Maybe it was awe.
You’re unstoppable, he would say to me, and I’d smile.
But when I turn around now, all I see is nothing. Black.
The clouds around my field of vision are closing in. Closing in on my future husband’s face saying these words to me.
I’m alone on memory lane in my grim cardigan, my orthopedic shoes, my gaping-open pockets rattling with pills. It’s grown dark on the lane. The sun is gone. The strange bright flowers have vanished. Nothing now. Nothing but black, starry black as far as I can see.
“You’re back,” says a voice. A male voice. Soft. Low. Almost a whisper.
I open my eyes. Three men. Three men sitting with me at the bar. One to my right. Two to my left. One tall, one fat, one middling. All wearing dark suits. All holding drinks. How did I not see them before?
The middling one is looking at me like I’m a mirage he’s been waiting for all night. He must have been the one who spoke. Gray face. Red, alcoholic eyes. Hand cupped around a squat glass full of golden liquid.
“Excuse me?” I say.
He smiles sadly at me. Beside him sits the fat man hunched over his Scotch with his head down and his hands over his face as though he can’t bear to see. Long, stringy silver hair that is yellowed in places. What I can see of his face through his stubby fingers is terrible—pockmarks, burst veins, a blotchy redness—but familiar. Like a politician I’ve seen in the news. No way. No way could he be at this bar on a random Monday.
To my right, I feel the third man. Slender. Tall. Handsome, even though I see him only out of the corner of my eye. I don’t so much see him as sense him in the back of my neck, the hairs there pricked up. Something tells me not to look directly at him.
The middling man is still smiling at me as though we are both in a tragic dream.
“Where were you?” he asks me.
“Where was I?” I repeat.
He’s looking at me hunched over my glass, how I’m gripping the bar with both hands like it’s the railing of a ship.
“You look like you went somewhere far, far away. In your mind.”
I look at him. How the fuck do you know anything about my mind? But I nod slowly. Yes. “I guess I did.”

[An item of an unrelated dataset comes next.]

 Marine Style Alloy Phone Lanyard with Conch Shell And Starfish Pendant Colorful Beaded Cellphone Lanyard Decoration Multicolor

Why am I telling him this? This stranger with his alcoholic’s eyes boring into my soul like he thinks he sees it right there under my skin.
“Not the best trip, I take it?” he says.
I don’t know what to say.
“No,” I say before I can even think.
“Too bad.” He makes a sort of sad face. Sympathetic.

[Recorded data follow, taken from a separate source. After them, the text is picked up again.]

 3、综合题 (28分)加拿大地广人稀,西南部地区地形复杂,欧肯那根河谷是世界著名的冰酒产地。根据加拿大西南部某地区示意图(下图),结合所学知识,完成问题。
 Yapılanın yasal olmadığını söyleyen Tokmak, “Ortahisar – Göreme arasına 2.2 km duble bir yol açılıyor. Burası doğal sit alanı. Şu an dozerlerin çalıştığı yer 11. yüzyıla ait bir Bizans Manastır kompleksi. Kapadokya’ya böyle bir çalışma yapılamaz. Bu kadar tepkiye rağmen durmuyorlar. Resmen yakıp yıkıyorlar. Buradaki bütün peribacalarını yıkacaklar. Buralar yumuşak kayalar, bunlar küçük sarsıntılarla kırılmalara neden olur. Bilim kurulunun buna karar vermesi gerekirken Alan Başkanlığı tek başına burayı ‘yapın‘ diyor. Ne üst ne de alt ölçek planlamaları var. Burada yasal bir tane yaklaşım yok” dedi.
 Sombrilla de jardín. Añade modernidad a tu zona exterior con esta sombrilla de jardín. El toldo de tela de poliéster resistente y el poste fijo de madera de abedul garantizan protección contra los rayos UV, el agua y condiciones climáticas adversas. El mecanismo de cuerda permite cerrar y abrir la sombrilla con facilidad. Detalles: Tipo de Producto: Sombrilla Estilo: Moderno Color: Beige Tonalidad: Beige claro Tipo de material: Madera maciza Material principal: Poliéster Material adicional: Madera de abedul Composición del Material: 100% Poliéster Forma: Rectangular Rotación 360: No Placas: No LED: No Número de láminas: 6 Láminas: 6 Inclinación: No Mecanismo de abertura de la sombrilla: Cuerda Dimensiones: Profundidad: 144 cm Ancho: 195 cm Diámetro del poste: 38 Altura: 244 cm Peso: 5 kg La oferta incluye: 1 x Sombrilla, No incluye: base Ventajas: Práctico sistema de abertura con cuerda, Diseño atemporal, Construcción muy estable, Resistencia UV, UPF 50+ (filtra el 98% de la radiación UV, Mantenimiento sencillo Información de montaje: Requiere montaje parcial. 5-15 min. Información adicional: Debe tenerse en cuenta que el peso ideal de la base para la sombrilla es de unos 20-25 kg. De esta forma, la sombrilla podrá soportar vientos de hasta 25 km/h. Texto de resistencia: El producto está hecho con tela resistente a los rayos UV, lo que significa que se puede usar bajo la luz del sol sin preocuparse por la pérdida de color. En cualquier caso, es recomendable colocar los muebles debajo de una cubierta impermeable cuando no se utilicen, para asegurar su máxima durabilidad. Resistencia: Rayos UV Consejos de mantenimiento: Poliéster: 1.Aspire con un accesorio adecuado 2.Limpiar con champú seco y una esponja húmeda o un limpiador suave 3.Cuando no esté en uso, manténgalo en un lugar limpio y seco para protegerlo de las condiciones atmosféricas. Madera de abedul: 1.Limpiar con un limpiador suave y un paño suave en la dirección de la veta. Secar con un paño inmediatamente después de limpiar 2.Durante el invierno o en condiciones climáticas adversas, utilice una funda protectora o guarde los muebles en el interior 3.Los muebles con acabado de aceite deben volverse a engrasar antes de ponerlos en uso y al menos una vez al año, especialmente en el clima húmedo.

Who the hell are you? I want to ask him. Instead tears fill my eyes. Stupidly. He becomes a suited, smiling blur.
“Let me guess. I used to be good at this.” He looks at me with his head cocked to one side.
I gaze at him gazing at me. I should just leave. Tell this man to mind his own business. But I’m pinned there by his watery stare. I take a drink from my glass. Feel him taking me in deeply with his red-rimmed eyes. My hunched frame. My hand gripping the glass. My flushed face, my gaze cloudy with crying and drugs.

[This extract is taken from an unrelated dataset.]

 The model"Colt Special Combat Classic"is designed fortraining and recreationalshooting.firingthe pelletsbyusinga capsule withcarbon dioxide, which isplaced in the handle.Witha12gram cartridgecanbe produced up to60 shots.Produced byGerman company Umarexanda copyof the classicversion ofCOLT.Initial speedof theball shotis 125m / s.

“L-four L-five,” he says at last. “On the right. On the left, L-two L-three.”
I burst into fresh tears.
“Prednisone,” he says tenderly, as if it is a word of comfort. “Then steroid shots, am I right? More surgeons than you can count. They have conflicting views about your MRI. Shaking their doctor heads. Playing God. Some say, Let’s cut her open. Others say, Cut what? Nothing to cut. Nothing here. Then what? Physiatrists and their pill solutions. Probably a dozen physical therapists. Some say stretch. Some say don’t dare stretch. Some say to bend forward. Some say to bend backward. Some say, Rest, just rest, sometimes you need to rest. Some say, Keep moving, just keep moving. Movement heals. Movement is king. Some tell you heat. Some tell you ice. Some tell you heat and ice. Some tell you, Oh, whatever feels good. But nothing feels good, does it?”
I shake my head. Nothing, nothing.
“Some tell you, Let pain be your guide.” He smiles. “Some guide, am I right?”
I nod.
“Then what? Let me guess. You’ve pursued all the alternative therapies. Acupuncture. Biofeedback. Had hope swell in your heart again and again. There was that Japanese acupuncturist who left the needle tips in you. You almost walked out with a long needle right between your eyes once that you didn’t even see. Massage? Probably just makes it worse, am I right?”
“He means well,” I whisper.
“Oh, they always mean well, Ms. Fitch. And you like that you can go to him. Talk to him. That someone touches you every Sunday with kindness. You have so few actual friends these days.”